For people who dont' have problems with first-order theory of mind, they probably can't intuit how others have problems with it, and therefore would interpret the theory of mind hypothesis as totally wrong.
But people who do have lots of lapses in first-order theory of mind and fail tests passed by NT four-year-olds would probably interpret the theory of mind hypothesis to be more valid.
_________________
Drain and plane and grain and blain your brain, and then again,
Propane and butane out of the gas main, your blain shall sustain!
Yeah, pretty much all of his studies that have any merit have been done by others using better methodology. For example, there are way better facial emotion recognition tests than the 'Mind in the Eyes test' - which has a weird selection of emotions, has other cues that can be used to guess the answers (every set of female eyes with eye shadow is flirtatious in some way, for example) and is horribly confounded with vocabulary because of the low-frequency emotion words used for answers. The Emotion Multimorph test (where a neutral face slowly morphs into an emotion face, and you indicate as soon as you know which emotion it is) is a far better test, as are the tests made by Paul Ekman.

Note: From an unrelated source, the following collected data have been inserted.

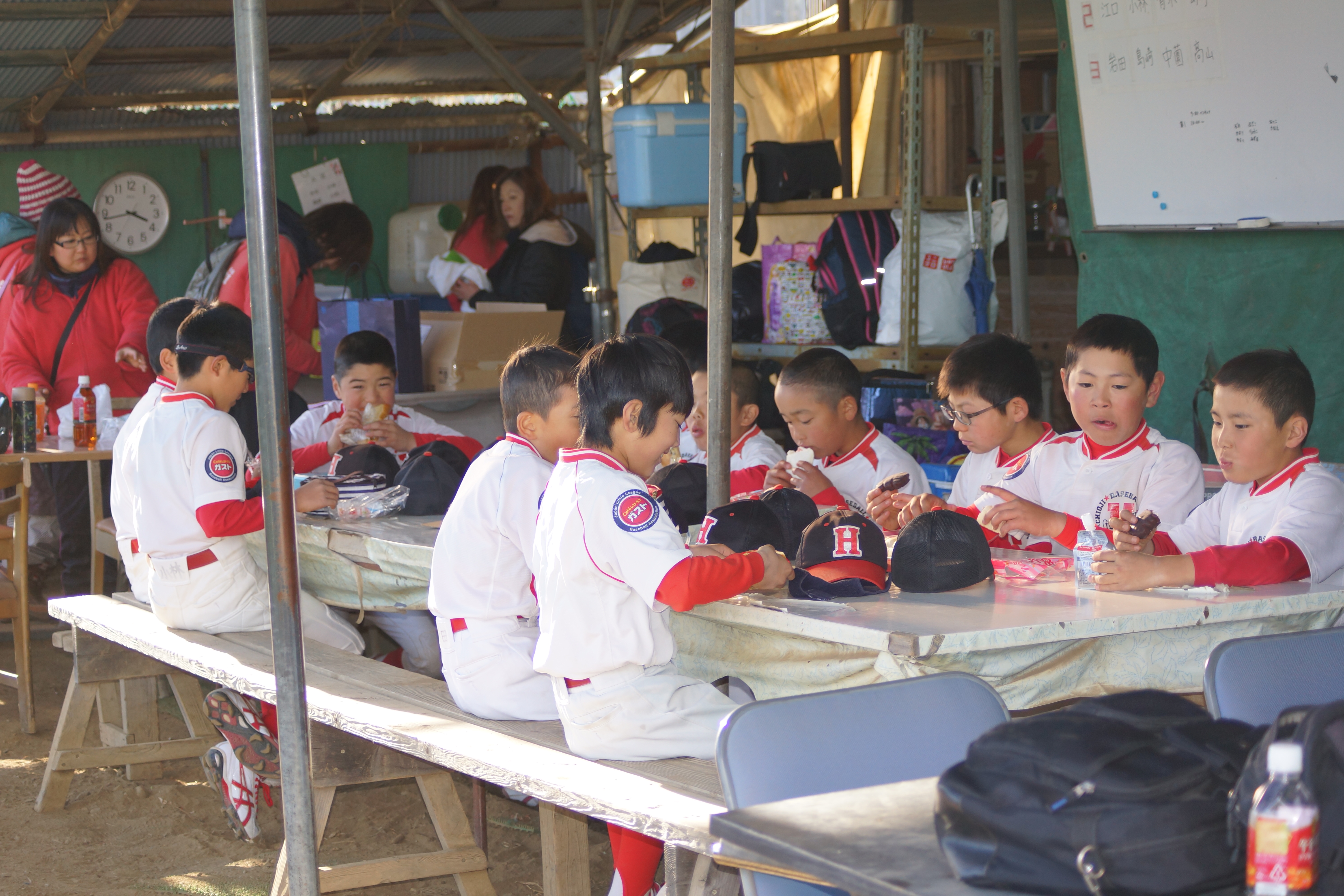 みんながお弁当・補食を食べたりする通称「ママ小屋」に
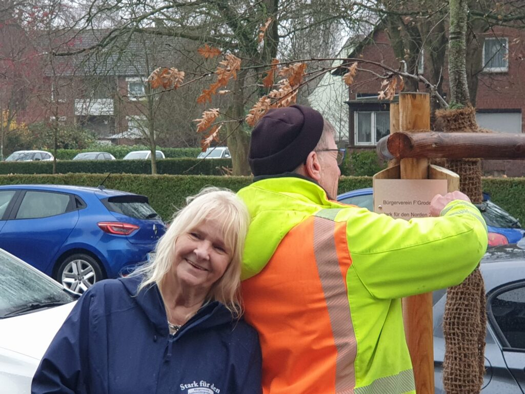 Trotz des eher ungemütlichen Wetters ließen sich Marion Reiners, Günther Cordes und Barbara Cordes vom Bürgerverein, die gute Laune nicht verderben. Gemeinsam freuten sie sich darüber, dass die Patenschaften jetzt auch offiziell sichtbar sind und zeigen, wie viel Herz in Fedderwardergroden steckt.
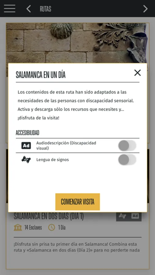Gracias al impulso de Turismo de Salamanca, la Fundación Orange y de GVAM en el marco del proyecto Áppside, esta aplicación incluye contenidos accesibles para personas con discapacidad visual y auditiva.

As for his theories? They suck. For example, he points to tomboyish behaviour in autistic girls as supporting his 'extreme male brain' theory, while ignoring the fact that autistic boys have a similar rate of effeminate behaviour. His description of empathy is imprecise - he keeps commenting about the difference between cognitive and emotional empathy, and then forgetting about it moments later and lumping us in with psychopaths.
I've not been able to fully understand Theory of Mind after some substantial reading. What I do know is that I realised through experience and logic that I was clearly not good at understanding other people or what they are thinking and feeling. I had no idea why and I became somewhat phobic when faced with more complex social situations.
A consequence of that has over time been very civil, polite behaviour (as a social damage control and survival mechanism) terminating in unbearable anxieties and leading to outright rebellion against society and its incomprehensible social codes. I also take every opportunity I can to have conversations with other people to find out what they think about various social situations, which can in turn get me a reputation of being a gossip. This is all clearly the way I compensate for my lack of natural understanding. As a consequence I have developed a fairly good understanding of what makes other people tick, but all of it has been earned the hard way.